在[From node ip 02]的sever上执行如下命令：

env GLOO_SOCKET_IFNAME=[GLOO_SOCKET_IFNAME] TORCH_ECCL_AVOID_RECORD_STREAMS=1 TORCH_GCU_ENABLE_AUTO_MIGRATION=1 DS_V3_PARALLEL=True DS_V3_PARALLEL_MAX_TOTAL_TOKENS=256 OUTLINES_CACHE_DIR=/home/.cache/outlines_2 python3.10 -m sglang.launch_server --model-path [path of deepseek-r1-awq] --host 0.0.0.0 --port 5000 --dist-init-addr [master node ip]:8746  --node-rank 2 --nnodes 4 --dp-size 8 --tp-size 4 --ep-size 32 --enable-ep-moe --trust-remote-code --cuda-graph-max-bs 16 --mem-fraction-static 0.7

在[From node ip 03]的sever上执行如下命令：

env GLOO_SOCKET_IFNAME=[GLOO_SOCKET_IFNAME] TORCH_ECCL_AVOID_RECORD_STREAMS=1 TORCH_GCU_ENABLE_AUTO_MIGRATION=1 DS_V3_PARALLEL=True DS_V3_PARALLEL_MAX_TOTAL_TOKENS=256 OUTLINES_CACHE_DIR=/home/.cache/outlines_2 python3.10 -m sglang.launch_server --model-path [path of deepseek-r1-awq] --host 0.0.0.0 --port 5000 --dist-init-addr [master node ip]:8746  --node-rank 3 --nnodes 4 --dp-size 8 --tp-size 4 --ep-size 32 --enable-ep-moe --trust-remote-code --cuda-graph-max-bs 16 --mem-fraction-static 0.7

--dist-init-addr 配置的是分布式初始化时主节点的IP和端口，决定各节点如何互相发现和建立通信。 GLOO_SOCKET_IFNAME 环境变量用于指定 PyTorch Gloo 通信后端在分布式部署时绑定的网络接口（如 eth0、bond0 等）。

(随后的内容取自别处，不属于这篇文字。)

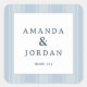 This square sticker features a minimalist and elegant design with a clean layout centered around text. The background consists of subtle vertical stripes in varying shades of light blue, creating depth without overwhelming the crisp white frame. Inside the frame, bold serif fonts display two names prominently, followed by a smaller "thank you" message, all arranged for perfect symmetry and balance. The overall style is modern minimalism, exuding sophistication and understated elegance, making it ideal for expressing gratitude or personalizing gifts.
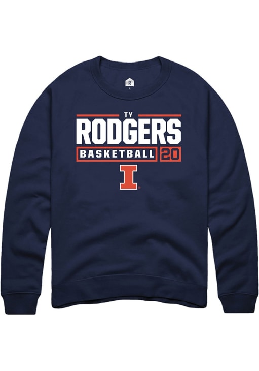 Ty Rodgers Rally Mens Navy Blue Illinois Fighting Illini NIL Stacked Box Crew Sweatshirt
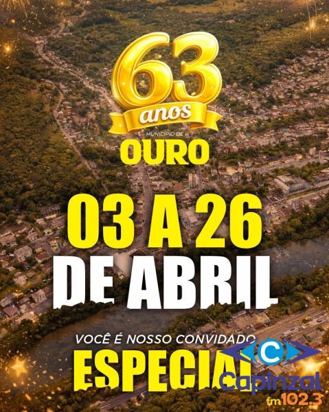 O município de Ouro comemora no próximo dia 07 de abril, 63 anos de emancipação político-administrativa. Para marcar a data, uma programação especial será oferecida à população. Confira a programação:
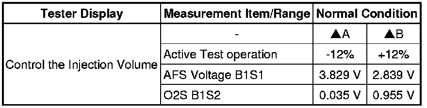 * Usually, the value of AFS Voltage B1S1 changes to below 3.1 V when the control value for Control the Injection Volume is changed to +12%.
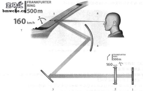 就像喷气式飞机的飞行员一样,宝马汽车的驾驶员可以利用平视显示屏在直接视野范围内看到重要的数据和图表。平视显示屏显示的内容包括:定速巡航控制(DCC)系统信息、导航系统信息、检査控制信息、车速。平视显示屏见下图。

它确保多节点间的数据通信走指定的物理网卡，避免因默认接口选择错误导致节点间无法互联或通信效率低下。 --dist-init-addr 的IP要和 GLOO_SOCKET_IFNAME 绑定的网卡IP一致，确保分布式通信走同一物理网络。

router配置：¶

在[master node ip]的sever上执行如下命令：

python3.10 -m sglang_router.launch_router --host 0.0.0.0 --worker-urls http://[master node ip]:5000

和master server部署在同一台机器上。如果模型是分布式部署（上述例子），则router中添加的worker地址，只能是master server。 router默认使用端口：30000。

client发起请求：¶

python3.10 -m sglang.bench_serving --backend sglang --dataset-name random --random-input 1000 --random-output 700 --random-range-ratio 1 --num-prompts 32 \
--host [master node ip] --port 30000 --output-file "deepseek_nnode4.jsonl"

--host [master node ip]： router所在server的IP。 --port 30000： router绑定的port。 --random-input: 最大输入长度。 --random-output: 最大输出长度。 --num-prompts: 即batch_size，请求并发数。